**Saved data entries:**
=-=-=

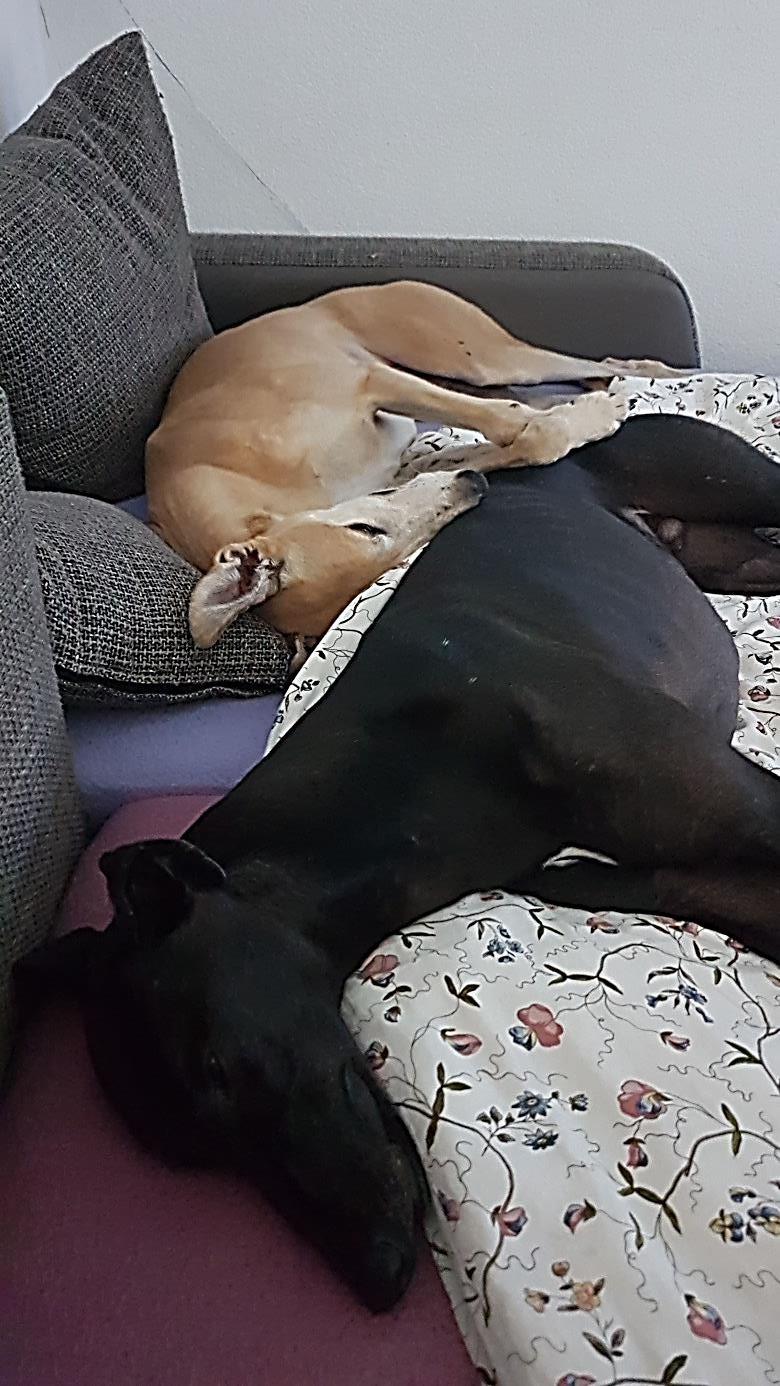 Ich fühle mich wieder sicher, denn ich kam zu meinen neuen Pflegeeltern mit einem schwarzen, wunderschönen Grey-Rüden namens Bowie, der mir die schmerzhafte Lücke in meinem Herzen wieder mit Geborgenheit und Freude am Leben füllte.
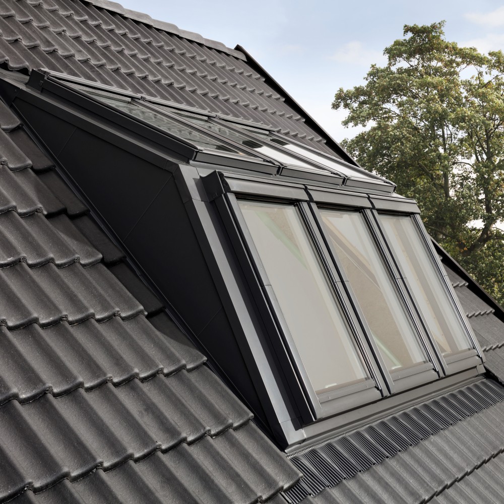 The VELUX 6 Window Dormer system includes 3 GPU 0070 top-hung roof windows and 3 GGU 0070 centre-pivot roof windows, all featuring a white durable, maintenance-free finish. The VELUX --70 glazing provides rain noise reduction, anti-dew safety lamination, toughened glass, and a UV filter for protection from harmful UV rays.
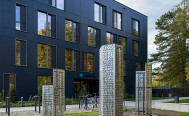 BMS_Preis_Kunstwerk: Skulptur „o.T.“ von Jasper Bamberger zu Ehren von Dr. Barbara Mez-Starck vor dem gleichnamigen Gebäude
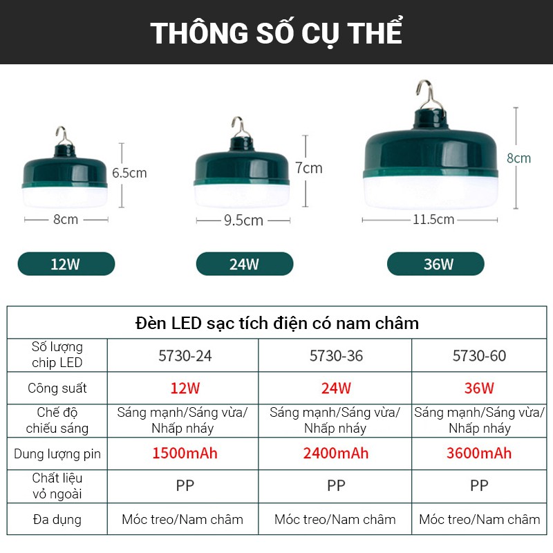 Giới thiệu Đèn LED siêu sáng sạc tích điện C12 công suất 12W/24W/36W có móc treo, đầu hút nam châm, chống nước, chất liệu nhựa PP
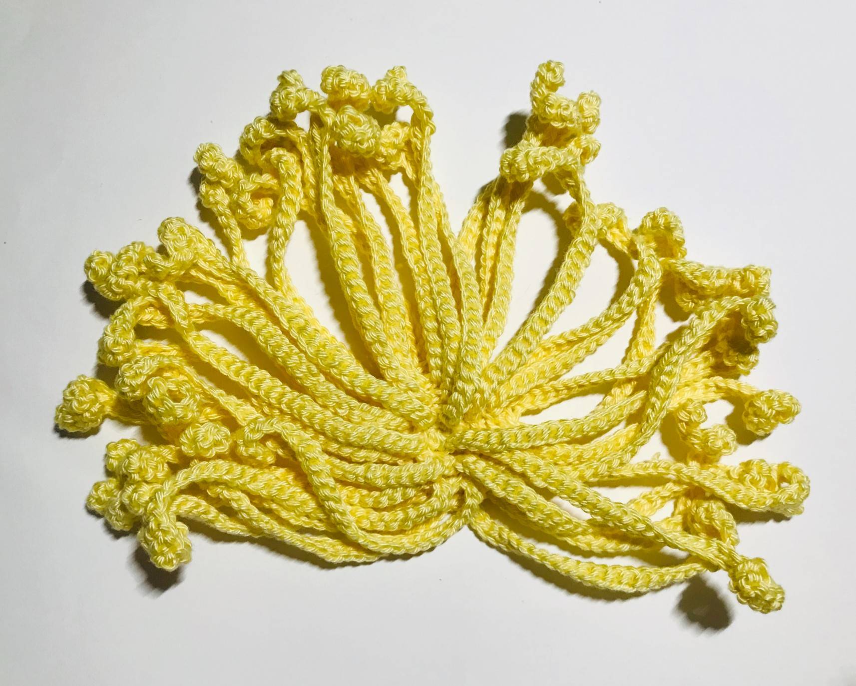 - Fils de coton (fingering) : Blanc, noir, beige, jaune, marron, bleu, bleu clair
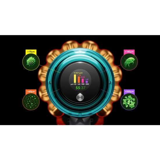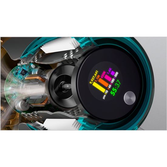 LCD displej ukazuje, co bylo vysáto, v reálném čase zobrazuje vědecký důkaz o důkladném úklidu. - Motor Dyson Hyperdymium™
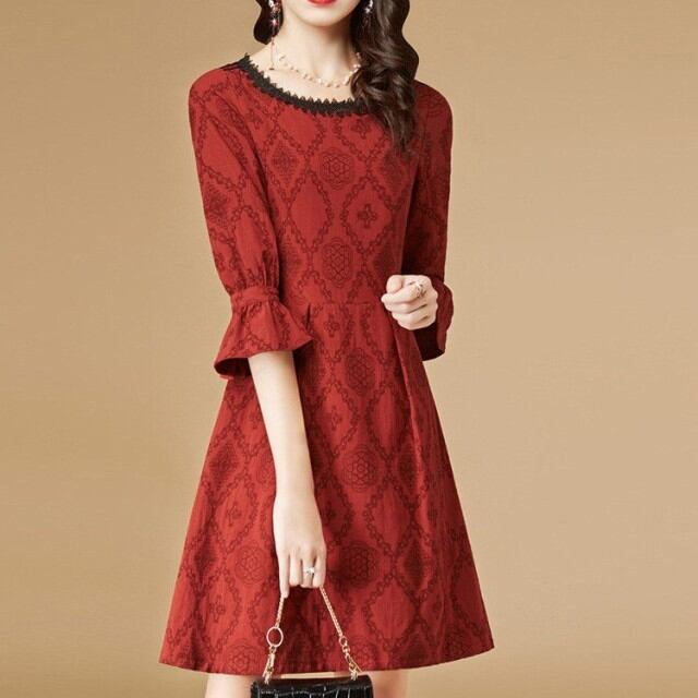 ワンピース レディース 40代 春秋 きれいめ レース 膝丈ワンピース ジャカ一ド 五分袖 ワンピース Aライン 結婚式ドレス 通勤 ショート 大人 上品 お出かけ
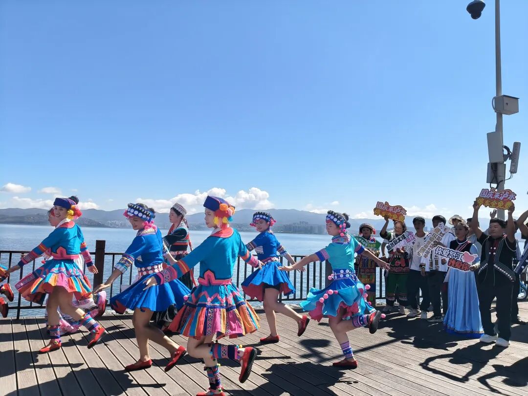 推介会在激情四射的舞蹈《舞动傈僳》中拉开序幕。伴随着欢快的旋律,身着绚丽民族服饰的傈僳族、白族小伙姑娘们跳起欢快的舞蹈。《户外天堂》《布汁欢歌》《六库》《四海皆朋友》《傈僳酒歌》《我在泸水很想你》等精彩歌舞表演轮番上演。舞姿优美灵动,悠扬歌声在洱海廊道回荡,让现场观众沉醉于怒江独特的民族风情,大家纷纷举着手机记录精彩瞬间,现场热闹非凡。
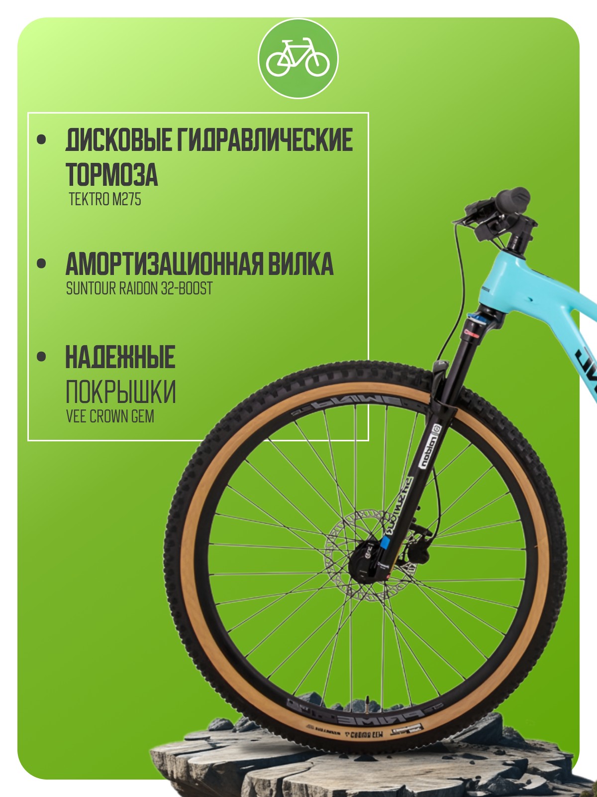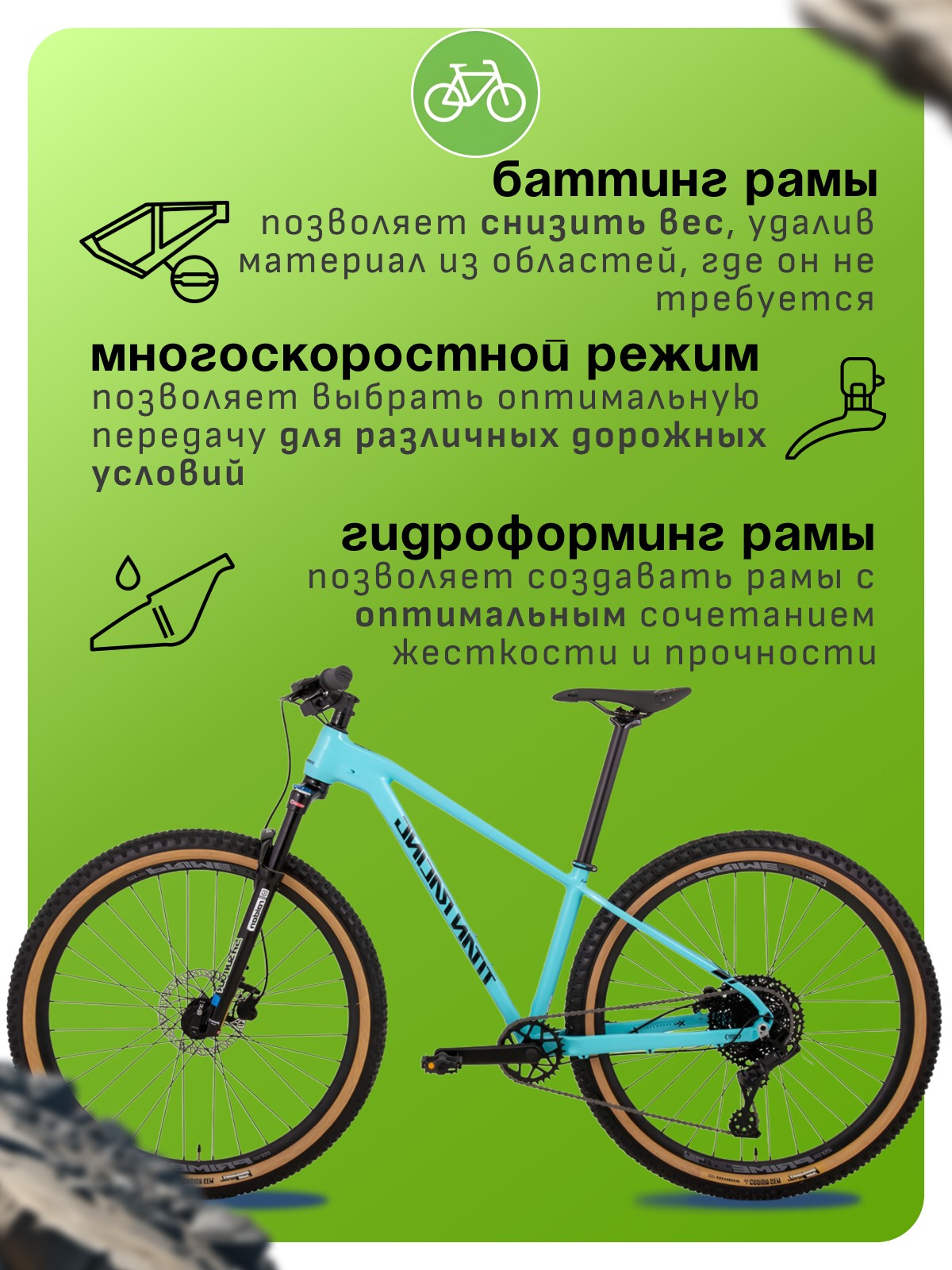 Особенности велосипеда: Алюминиевая рама, Амортизационная вилка, Баттинг рамы, Гидравлический привод тормозов, Гидроформинг рамы, Двойные обода, Дисковые тормоза, Масляная или воздушная вилка, Многоскоростной.

=-=-=

Starting at the first line of the records above, set down each line exactly through the one that holds "LCD displej ukazuje, co". Omit pictures.

 Ich fühle mich wieder sicher, denn ich kam zu meinen neuen Pflegeeltern mit einem schwarzen, wunderschönen Grey-Rüden namens Bowie, der mir die schmerzhafte Lücke in meinem Herzen wieder mit Geborgenheit und Freude am Leben füllte.
 The VELUX 6 Window Dormer system includes 3 GPU 0070 top-hung roof windows and 3 GGU 0070 centre-pivot roof windows, all featuring a white durable, maintenance-free finish. The VELUX --70 glazing provides rain noise reduction, anti-dew safety lamination, toughened glass, and a UV filter for protection from harmful UV rays.
 BMS_Preis_Kunstwerk: Skulptur „o.T.“ von Jasper Bamberger zu Ehren von Dr. Barbara Mez-Starck vor dem gleichnamigen Gebäude
 Giới thiệu Đèn LED siêu sáng sạc tích điện C12 công suất 12W/24W/36W có móc treo, đầu hút nam châm, chống nước, chất liệu nhựa PP
 - Fils de coton (fingering) : Blanc, noir, beige, jaune, marron, bleu, bleu clair
 LCD displej ukazuje, co bylo vysáto, v reálném čase zobrazuje vědecký důkaz o důkladném úklidu. - Motor Dyson Hyperdymium™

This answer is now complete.